En 1933, Mario Monicelli écrit plusieurs articles dans la revue "Camminare". Deux ans plus tard, il dirige et produit avec Alberto Mondadori un long métrage 16 mm : "I Ragazzi Della via Pal" (1936), film de format réduit et fut présenté hors concours à la Mostra de Venise, où il fut d'ailleurs récompensé. Après un long apprentissage comme assistant à la réalisation ou comme scénariste de cinéastes comme Gustav Machaty, Augusto Genina ou Pietro Germi

Toute sa carrière nous démontrera un artiste conscient de ses limites, mais également de ses possibilités, ce qui lui permet d'échapper à la routine et d'aborder avec lucidité les sujets les plus difficiles, et de les traiter avec le maximum d'éfficacité.
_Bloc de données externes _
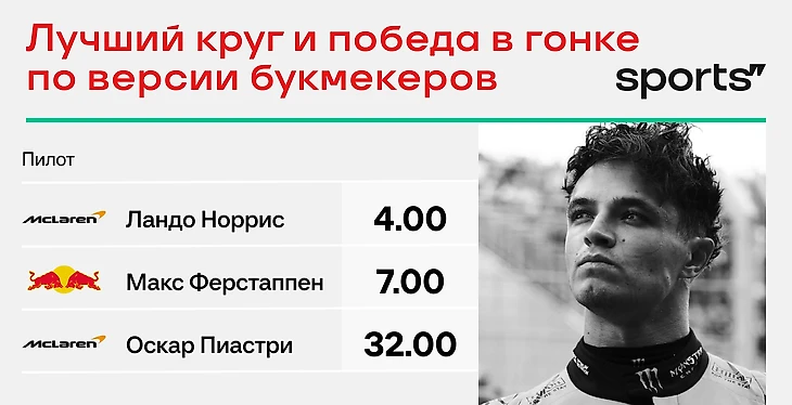 Тут все сложно. На Норриса и Ферстаппена дают одинаковые кэфы – по 2.50. Третьим фаворитом по традиции котируется Пиастри за 7.50.
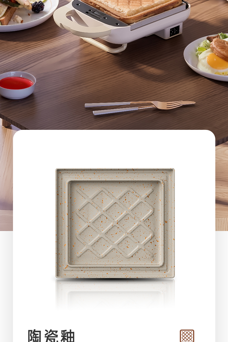 • 화이트(샌드위치 플레이트 + 와플 플레이트) 업그레이드된 세라믹 글레이즈 코팅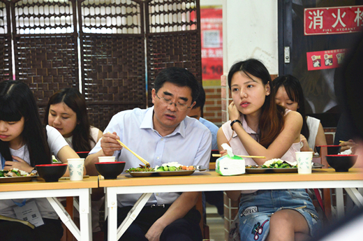 進餐時,同學們異常踴躍,不時有人向趙校長、向大家分享自己的想法。來自阿壩州的羌族姑娘肖恒告訴大家,她的夢想是能夠在大四期間考上公務員,然后回到阿壩支援家鄉工作;來自維吾爾族的哈麗美熱告訴校長,她很感謝學校特意為少數民族同學開設的用餐窗口及共同慶祝他們傳統節日的活動;副班長白夫則來自我校“精準扶貧”三縣之一的涼山州金陽縣,她說:“有了這樣一個政策,我第一次感覺學校同自己的家鄉有了聯系,為家鄉做些事的想法也越發強烈。”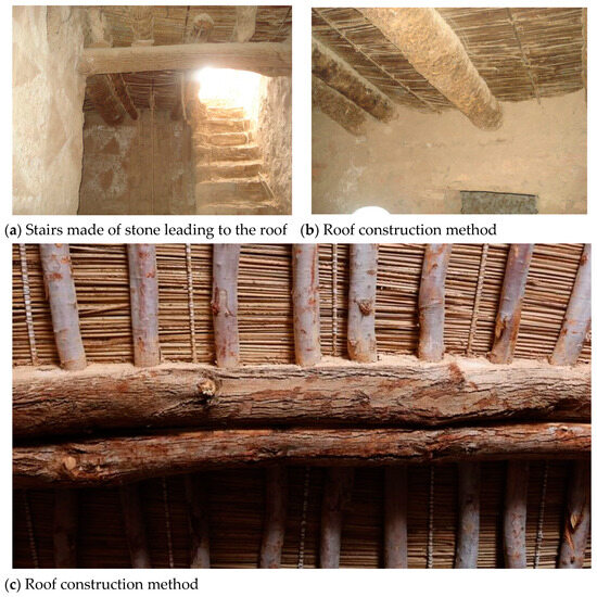 The dwellings are built with the resources available in the area. The most important are the stones cut from the mountain and the loamy soil from which bricks are made and used after drying in the sun (see Figure 15a–c). The thickness of the brick-bearing walls can reach up to 80 cm. The internal partitions, built of mud mixed with reeds, are less thick. The roof is made of palm trunks. Palm trunks can be divided into four parts according to the need and are placed on the load-bearing wall at distances of 80 to 120 cm. Monolithic boards of palm trunks or reed mats are placed on the trunks, followed by up to two clay layers. The dimensions of the rooms and corridors are determined according to the lengths of the palm trunks after they are cut. The dwellings consist of two levels connected by a narrow staircase made of mudstone.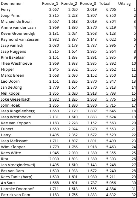 Nadat alle uitslagen briefjes waren ingeleverd en gecontroleerd kon de uitslag bekend worden gemaakt. Op de eerste plaats eindigde Ferry met een punten totaal van 6.706. Als tweede eindigde Joep met een punten totaal van 6.350 en vlak daar achter op de derde plaats Michael die 6.304 punten liet noteren.

Pendant quatre années successives, Monicelli co-réalise huit films avec Sténo dont : "Au diable la célébrité" (Al diavolo la celebrita, 1949), "Dans les coulisses" (Vita da cani, 1950), "Gendarmes et Voleurs" (Guardie e ladri, 1951) (Le cinéaste dépeint les faiblesses d'un carabinier) et "Les Infidèles" (Le Infedeli, 1952).

Avec "Toto cherche un appartement" (Toto cerca casa, 1949), le tandem Steno-Monicelli ne faisait qu'ajouter un titre deplus à la liste de tous les films que le grand acteur comique devait interpréter à partir de la fin des années 40, films généralement caractérisés par une réalisation extrêmement sommaire et uniquement destinés à enregistrer sur pellicule les "numéros" d'un Toto incapable de ne pas dissiper son talent.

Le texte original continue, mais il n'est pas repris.